Assignment >> Before you return the entries below, strip out the pictures and keep all else exact.

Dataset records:

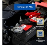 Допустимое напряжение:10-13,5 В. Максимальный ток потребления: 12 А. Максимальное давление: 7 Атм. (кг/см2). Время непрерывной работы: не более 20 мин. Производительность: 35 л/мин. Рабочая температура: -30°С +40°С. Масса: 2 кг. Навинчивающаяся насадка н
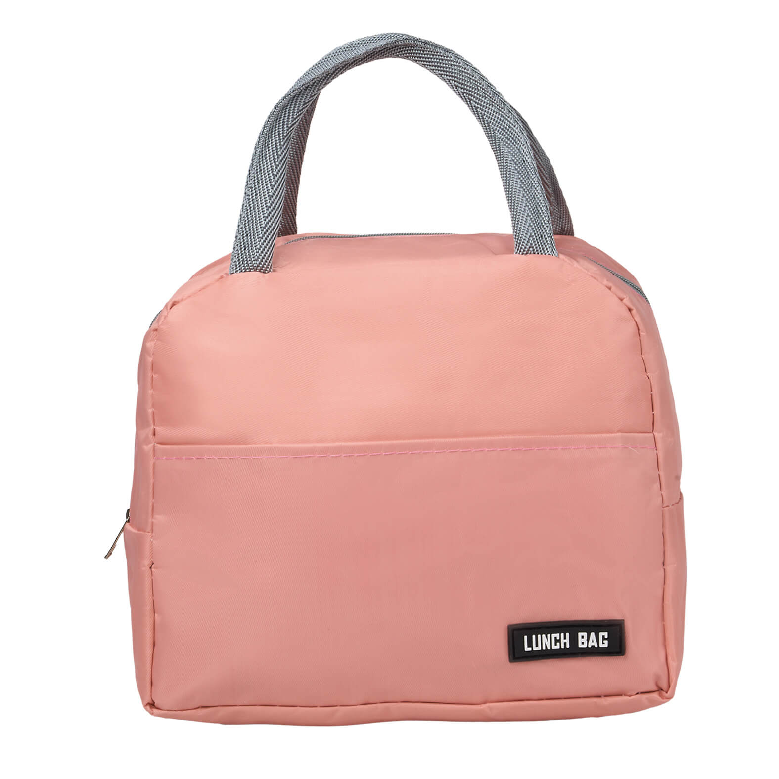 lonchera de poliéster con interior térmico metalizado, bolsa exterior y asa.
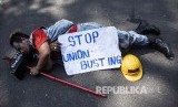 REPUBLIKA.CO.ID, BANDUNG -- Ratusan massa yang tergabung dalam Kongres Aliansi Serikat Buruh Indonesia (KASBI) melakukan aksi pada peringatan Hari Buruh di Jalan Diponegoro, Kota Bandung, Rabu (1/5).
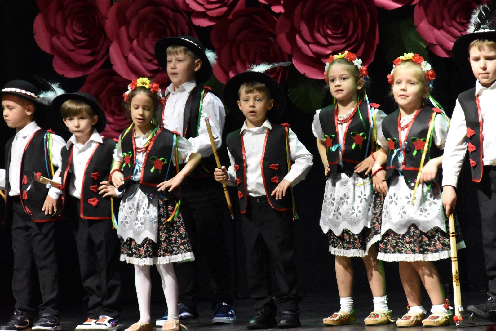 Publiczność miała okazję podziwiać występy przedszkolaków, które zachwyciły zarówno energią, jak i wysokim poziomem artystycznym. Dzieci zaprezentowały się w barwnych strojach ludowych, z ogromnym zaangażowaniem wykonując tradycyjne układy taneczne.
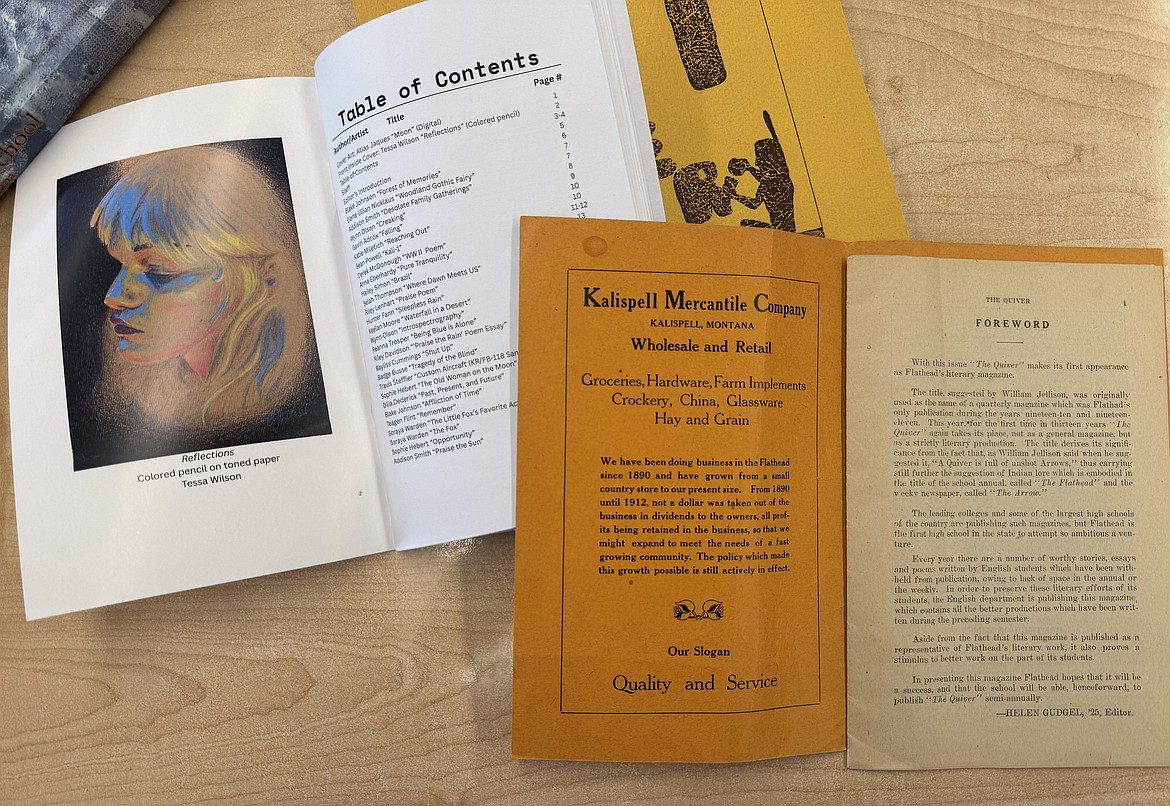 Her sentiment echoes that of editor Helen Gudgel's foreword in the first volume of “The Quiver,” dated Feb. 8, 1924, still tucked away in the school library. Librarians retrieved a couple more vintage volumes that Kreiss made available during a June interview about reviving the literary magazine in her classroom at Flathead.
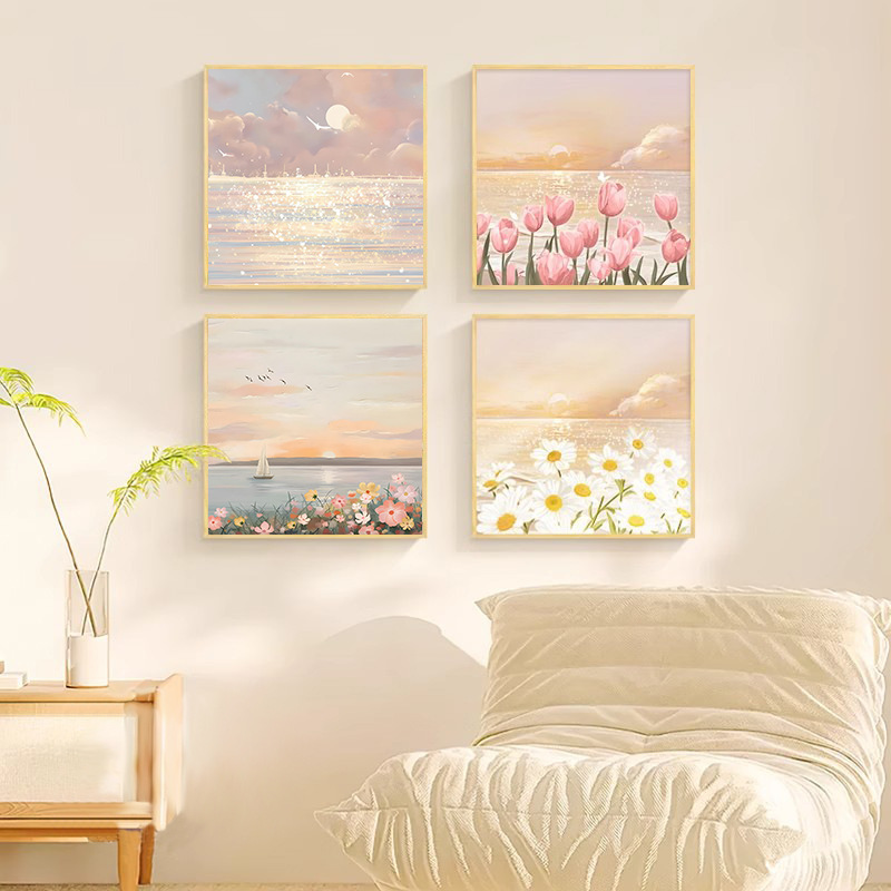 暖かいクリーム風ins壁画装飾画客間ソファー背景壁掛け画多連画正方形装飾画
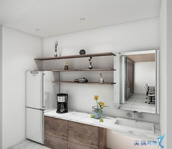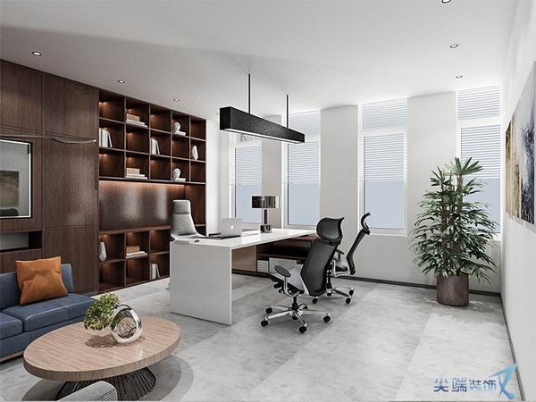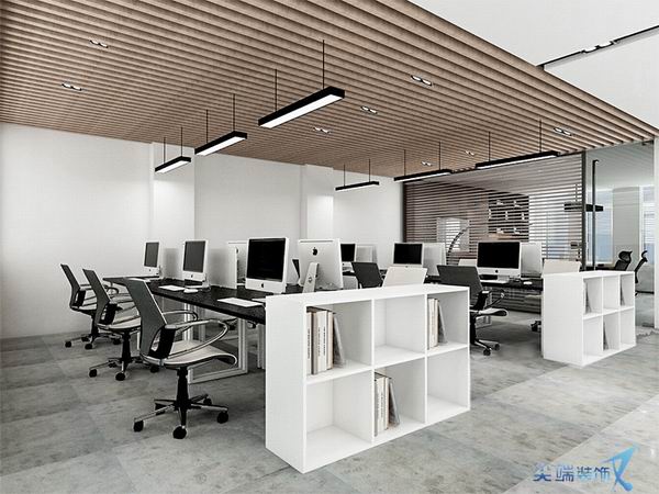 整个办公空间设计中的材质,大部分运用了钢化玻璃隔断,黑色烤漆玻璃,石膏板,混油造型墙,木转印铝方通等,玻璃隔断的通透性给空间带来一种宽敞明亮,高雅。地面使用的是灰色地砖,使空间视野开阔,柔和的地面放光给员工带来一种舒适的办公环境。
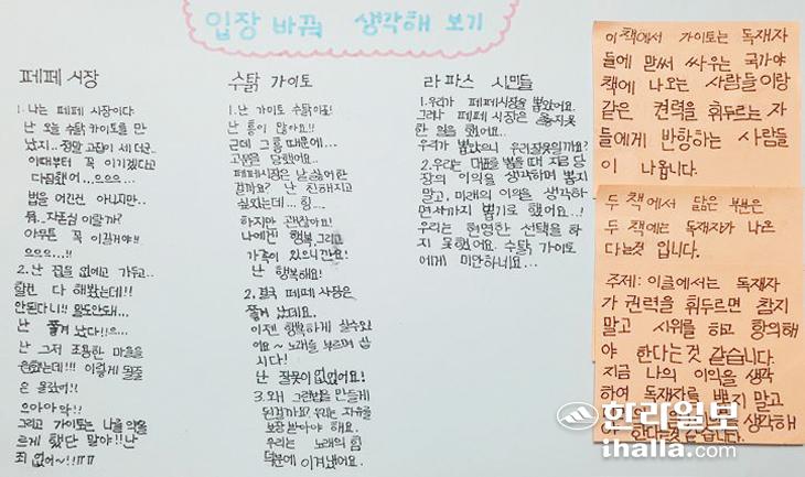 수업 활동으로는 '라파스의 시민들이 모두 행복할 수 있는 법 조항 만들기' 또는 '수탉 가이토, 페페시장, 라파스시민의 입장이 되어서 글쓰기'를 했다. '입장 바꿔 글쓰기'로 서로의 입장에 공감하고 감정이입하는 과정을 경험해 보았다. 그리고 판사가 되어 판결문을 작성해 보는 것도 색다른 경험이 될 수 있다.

Result for this task >>
 Допустимое напряжение:10-13,5 В. Максимальный ток потребления: 12 А. Максимальное давление: 7 Атм. (кг/см2). Время непрерывной работы: не более 20 мин. Производительность: 35 л/мин. Рабочая температура: -30°С +40°С. Масса: 2 кг. Навинчивающаяся насадка н
 lonchera de poliéster con interior térmico metalizado, bolsa exterior y asa.
 REPUBLIKA.CO.ID, BANDUNG -- Ratusan massa yang tergabung dalam Kongres Aliansi Serikat Buruh Indonesia (KASBI) melakukan aksi pada peringatan Hari Buruh di Jalan Diponegoro, Kota Bandung, Rabu (1/5).
 Publiczność miała okazję podziwiać występy przedszkolaków, które zachwyciły zarówno energią, jak i wysokim poziomem artystycznym. Dzieci zaprezentowały się w barwnych strojach ludowych, z ogromnym zaangażowaniem wykonując tradycyjne układy taneczne.
 Her sentiment echoes that of editor Helen Gudgel's foreword in the first volume of “The Quiver,” dated Feb. 8, 1924, still tucked away in the school library. Librarians retrieved a couple more vintage volumes that Kreiss made available during a June interview about reviving the literary magazine in her classroom at Flathead.
 暖かいクリーム風ins壁画装飾画客間ソファー背景壁掛け画多連画正方形装飾画
 整个办公空间设计中的材质,大部分运用了钢化玻璃隔断,黑色烤漆玻璃,石膏板,混油造型墙,木转印铝方通等,玻璃隔断的通透性给空间带来一种宽敞明亮,高雅。地面使用的是灰色地砖,使空间视野开阔,柔和的地面放光给员工带来一种舒适的办公环境。
 수업 활동으로는 '라파스의 시민들이 모두 행복할 수 있는 법 조항 만들기' 또는 '수탉 가이토, 페페시장, 라파스시민의 입장이 되어서 글쓰기'를 했다. '입장 바꿔 글쓰기'로 서로의 입장에 공감하고 감정이입하는 과정을 경험해 보았다. 그리고 판사가 되어 판결문을 작성해 보는 것도 색다른 경험이 될 수 있다.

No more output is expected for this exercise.